WHAT THE TASK REQUIRES
Restate word for word every entry that appears below, skipping its pictures.
···
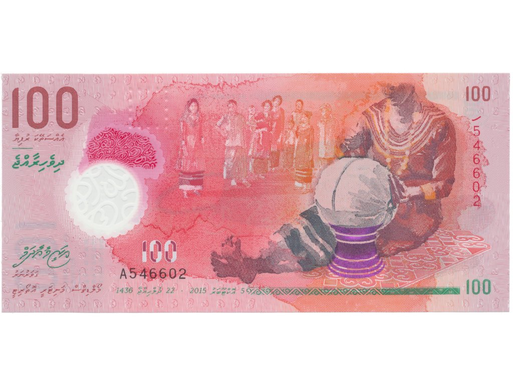 Maledivy, 100 Rufiyaa 2015, plastová, P.29a
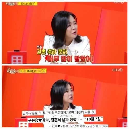 27일 방송된 KBS 2TV 예능 ‘사장님 귀는 당나귀 귀’에서는 김숙이 최근 불거진 결혼설을 언급했다. 김숙은 “사당귀 때문에 결혼 기사가 났다”며 “심지어 매니저가 ‘10월 7일 스케줄 비워야 하냐’고 물어봤다”고 밝혀 폭소를 자아냈다.
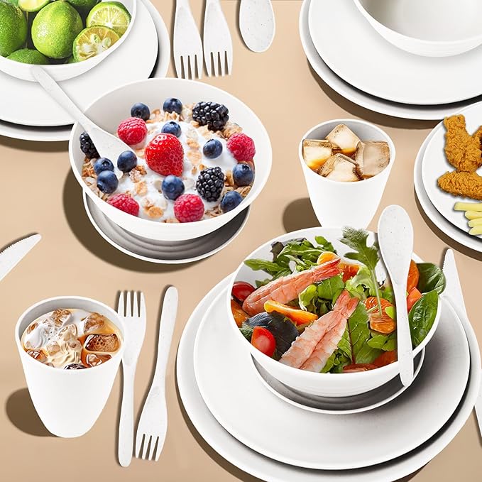 - โฆใ๐ฃ๐ฎ๐ฐ๐ธ๐ฎ๐ด๐ฒ ๐๐ป๐๐ถ๐ฑ๐ฒใ - Wrova 64-Piece Service for 8 Dinnerware Set contains 8pcs 10inches wheat straw plates, 8pcs 9inches wheat straw plates, 8pcs 6inches wheat straw plates,8pcs 26oz wheat straw bowls,8pcs 12oz wheat straw cups and 24pcs cutlery as well. All of them are unbreakable,bpa and lead free,lightweight and easy to clean.
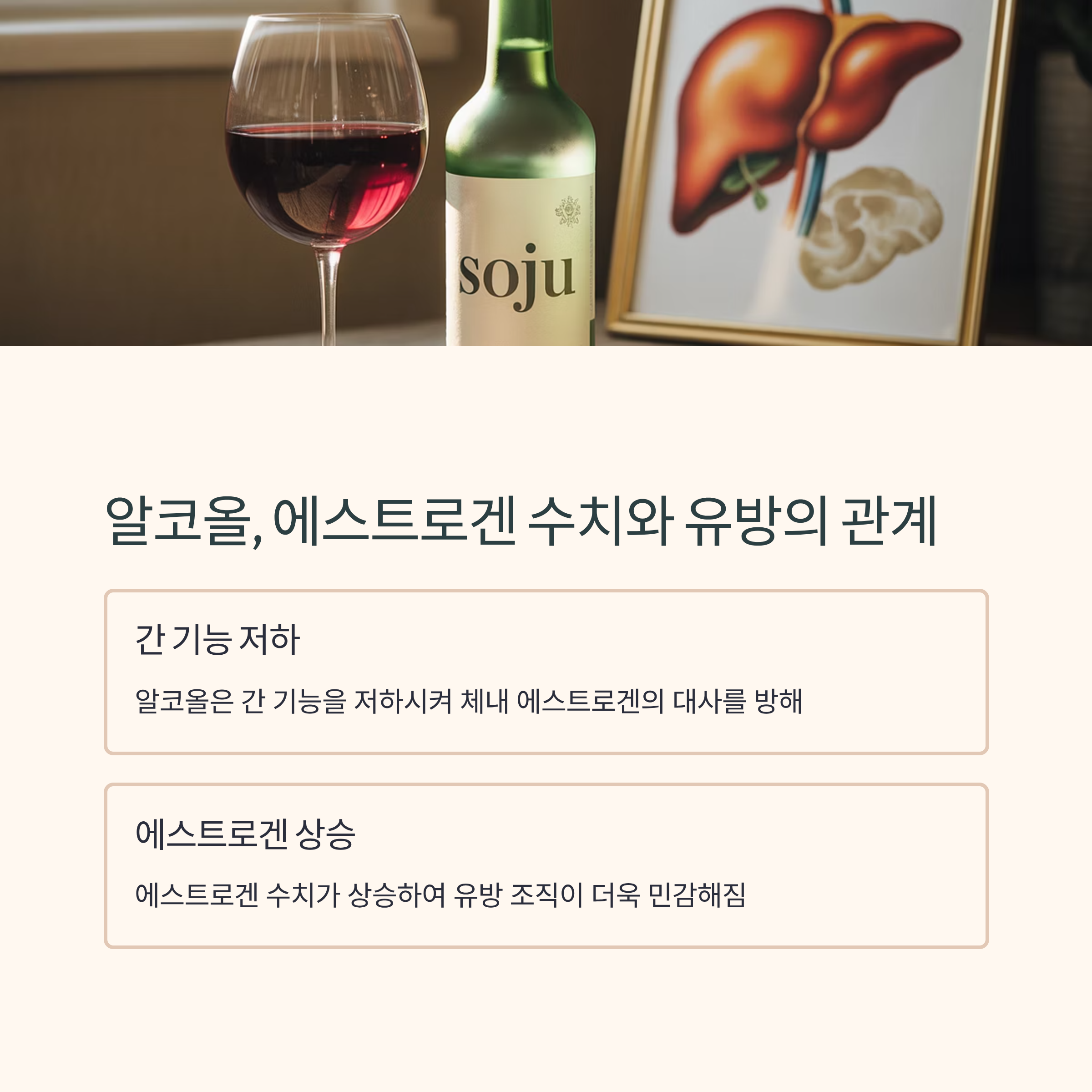 알코올은 간 기능을 저하시켜 체내 에스트로겐의 대사를 방해할 수 있습니다.
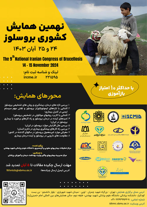 نهمین همایش کشوری بروسلوز توسط مرکز تحقیقات عفونی و گرمسیری دانشگاه علوم پزشکی شهید بهشتی طی روزهای 24 و 25 آبان ماه 1403 با همکاری وزارت بهداشت، درمان و آموزش پزشکی، دانشگاه های علوم پزشکی، نهادها و انجمن های علمی کل کشور با امتیاز بازآموزی برگزار می شود
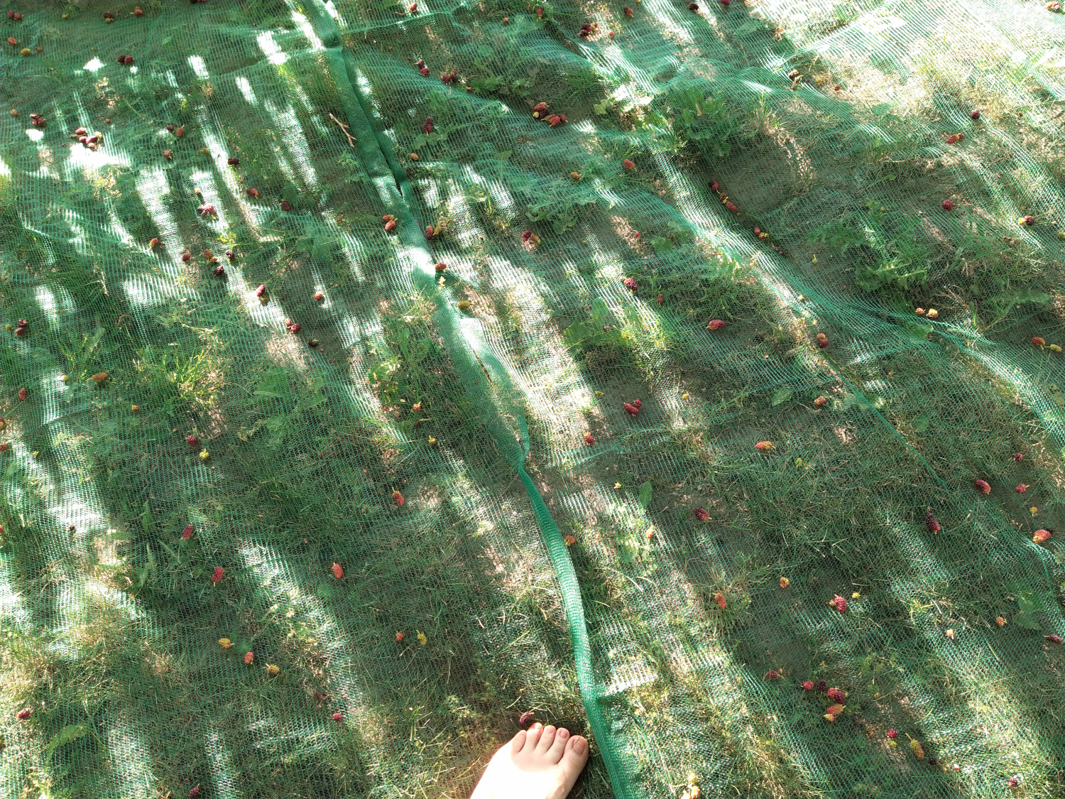 Wir haben heute morgen unsere bestellten Erntenetze unter den Maulbeerbaum gelegt. Keinen Tag zu früh!  Wow
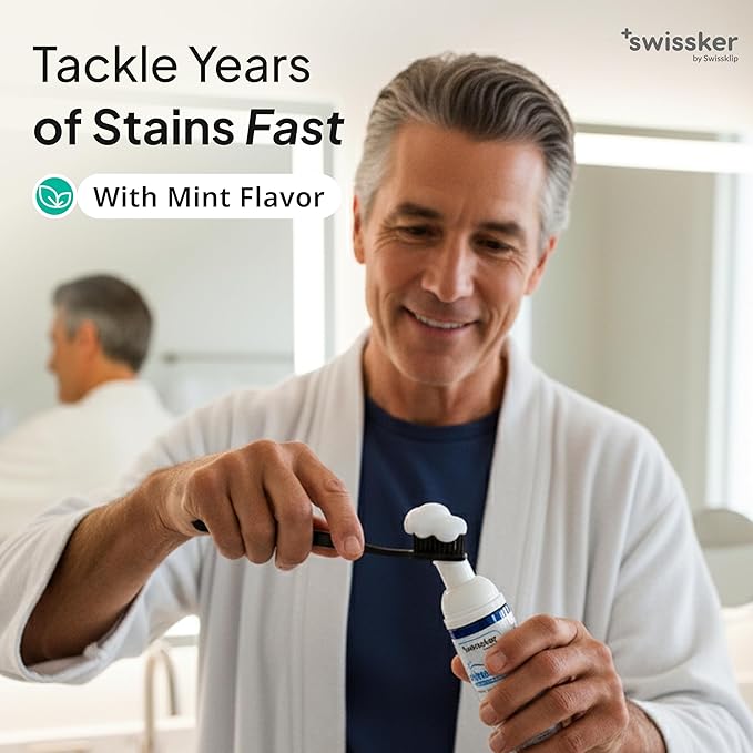 - Swissklip tooth whitening mousse offers a solution for whitening teeth with deep stains. Using teeth whitener regularly results in a brighter and more youthful smile. This teeth whitening for sensitive teeth foam provides professional level results with safe at-home usage
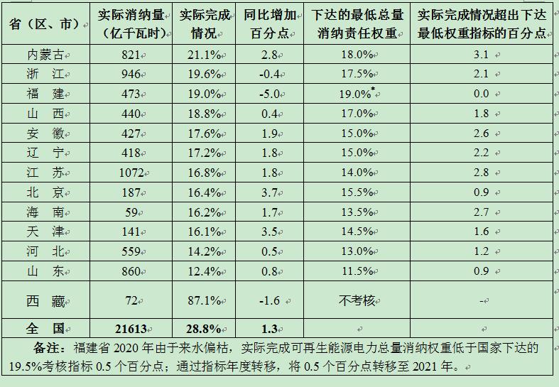 根據(jù)《國家發(fā)展改革委 國家能源局關于印發(fā)各省級行政區(qū)域2020年可再生能源電力消納責任權(quán)重的通知》(發(fā)改能源〔2020〕767號)公布的2020年各省(區(qū)、市)可再生能源電力消納責任權(quán)重,綜合考慮各省本地生產(chǎn)、本地利用以及外來電力消納情況,經(jīng)核算,除西藏免除考核外,全國30個省(區(qū)、市)都完成了國家能源主管部門下達的總量消納責任權(quán)重和非水電消納責任權(quán)重。
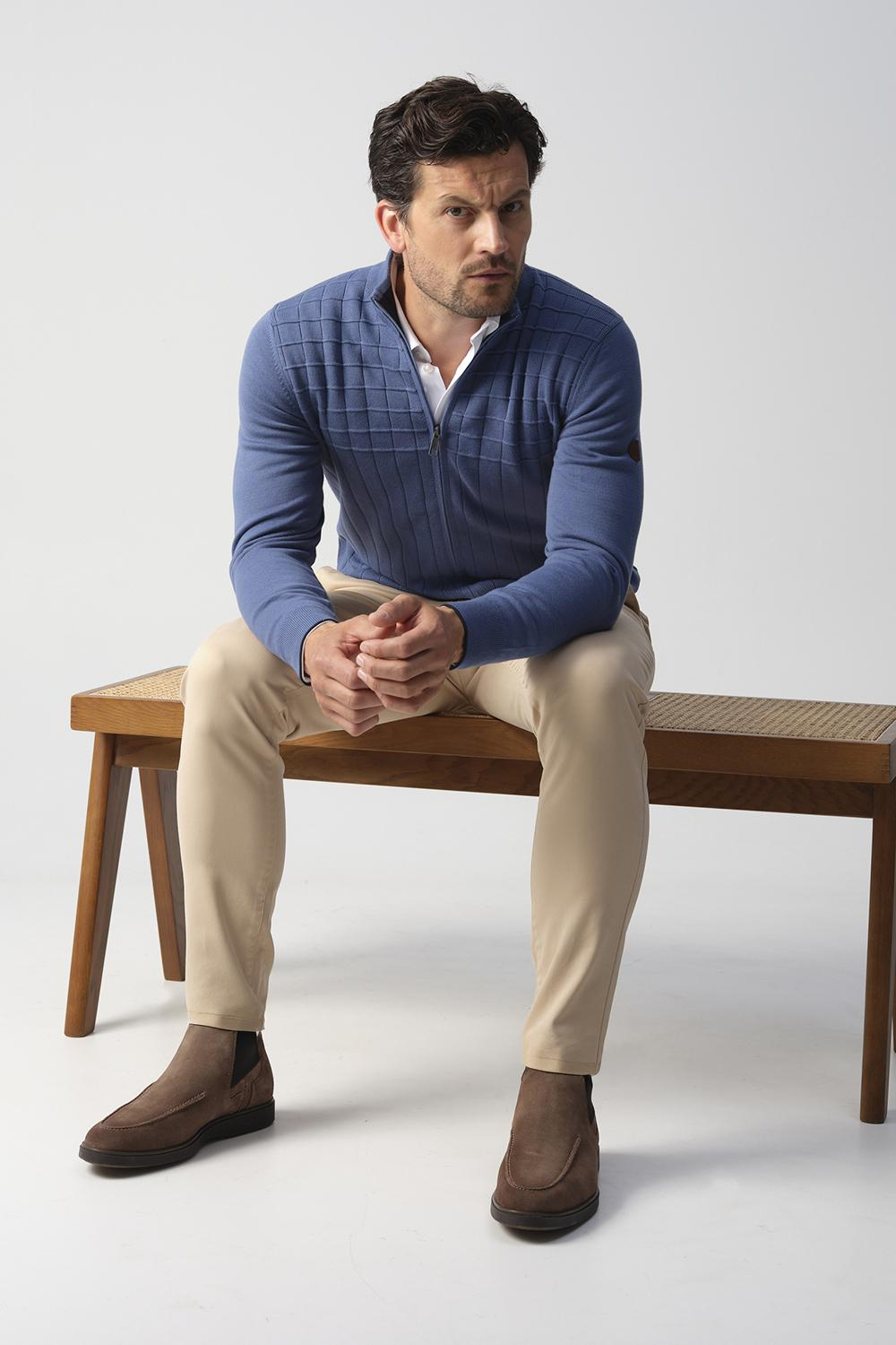 Dit azulblauwe vest van Campbell is een stijlvolle optie voor de herengarderobe. Het vest heeft een regular fit pasvorm en is vervaardigd van 100% katoen, waardoor het een comfortabele keuze is voor dagelijks gebruik. De structuur van het breisel geeft het vest een opvallende textuur, terwijl de high neck het geheel een moderne touch geeft. De veterdetail aan de sluiting voegt een subtiel accent toe. Dit Campbell vest is ideaal voor de herfstmaanden en kan moeiteloos worden gecombineerd met zowel casual als meer formele outfits. De lange mouwen en normale lengte maken het geschikt om te dragen op kantoor of voor een sociale bijeenkomst. Of je het nu combineert met een nette chino of een casual jeans, dit vest biedt je veelzijdigheid en stijl. Met zijn tijdloze uitstraling is het een waardevolle toevoeging aan je najaarsgarderobe.
···
ANSWER TO THE EXERCISE
 Maledivy, 100 Rufiyaa 2015, plastová, P.29a
 27일 방송된 KBS 2TV 예능 ‘사장님 귀는 당나귀 귀’에서는 김숙이 최근 불거진 결혼설을 언급했다. 김숙은 “사당귀 때문에 결혼 기사가 났다”며 “심지어 매니저가 ‘10월 7일 스케줄 비워야 하냐’고 물어봤다”고 밝혀 폭소를 자아냈다.
 - โฆใ๐ฃ๐ฎ๐ฐ๐ธ๐ฎ๐ด๐ฒ ๐๐ป๐๐ถ๐ฑ๐ฒใ - Wrova 64-Piece Service for 8 Dinnerware Set contains 8pcs 10inches wheat straw plates, 8pcs 9inches wheat straw plates, 8pcs 6inches wheat straw plates,8pcs 26oz wheat straw bowls,8pcs 12oz wheat straw cups and 24pcs cutlery as well. All of them are unbreakable,bpa and lead free,lightweight and easy to clean.
 알코올은 간 기능을 저하시켜 체내 에스트로겐의 대사를 방해할 수 있습니다.
 نهمین همایش کشوری بروسلوز توسط مرکز تحقیقات عفونی و گرمسیری دانشگاه علوم پزشکی شهید بهشتی طی روزهای 24 و 25 آبان ماه 1403 با همکاری وزارت بهداشت، درمان و آموزش پزشکی، دانشگاه های علوم پزشکی، نهادها و انجمن های علمی کل کشور با امتیاز بازآموزی برگزار می شود
 Wir haben heute morgen unsere bestellten Erntenetze unter den Maulbeerbaum gelegt. Keinen Tag zu früh!  Wow
 - Swissklip tooth whitening mousse offers a solution for whitening teeth with deep stains. Using teeth whitener regularly results in a brighter and more youthful smile. This teeth whitening for sensitive teeth foam provides professional level results with safe at-home usage
 根據(jù)《國家發(fā)展改革委 國家能源局關于印發(fā)各省級行政區(qū)域2020年可再生能源電力消納責任權(quán)重的通知》(發(fā)改能源〔2020〕767號)公布的2020年各省(區(qū)、市)可再生能源電力消納責任權(quán)重,綜合考慮各省本地生產(chǎn)、本地利用以及外來電力消納情況,經(jīng)核算,除西藏免除考核外,全國30個省(區(qū)、市)都完成了國家能源主管部門下達的總量消納責任權(quán)重和非水電消納責任權(quán)重。
 Dit azulblauwe vest van Campbell is een stijlvolle optie voor de herengarderobe. Het vest heeft een regular fit pasvorm en is vervaardigd van 100% katoen, waardoor het een comfortabele keuze is voor dagelijks gebruik. De structuur van het breisel geeft het vest een opvallende textuur, terwijl de high neck het geheel een moderne touch geeft. De veterdetail aan de sluiting voegt een subtiel accent toe. Dit Campbell vest is ideaal voor de herfstmaanden en kan moeiteloos worden gecombineerd met zowel casual als meer formele outfits. De lange mouwen en normale lengte maken het geschikt om te dragen op kantoor of voor een sociale bijeenkomst. Of je het nu combineert met een nette chino of een casual jeans, dit vest biedt je veelzijdigheid en stijl. Met zijn tijdloze uitstraling is het een waardevolle toevoeging aan je najaarsgarderobe.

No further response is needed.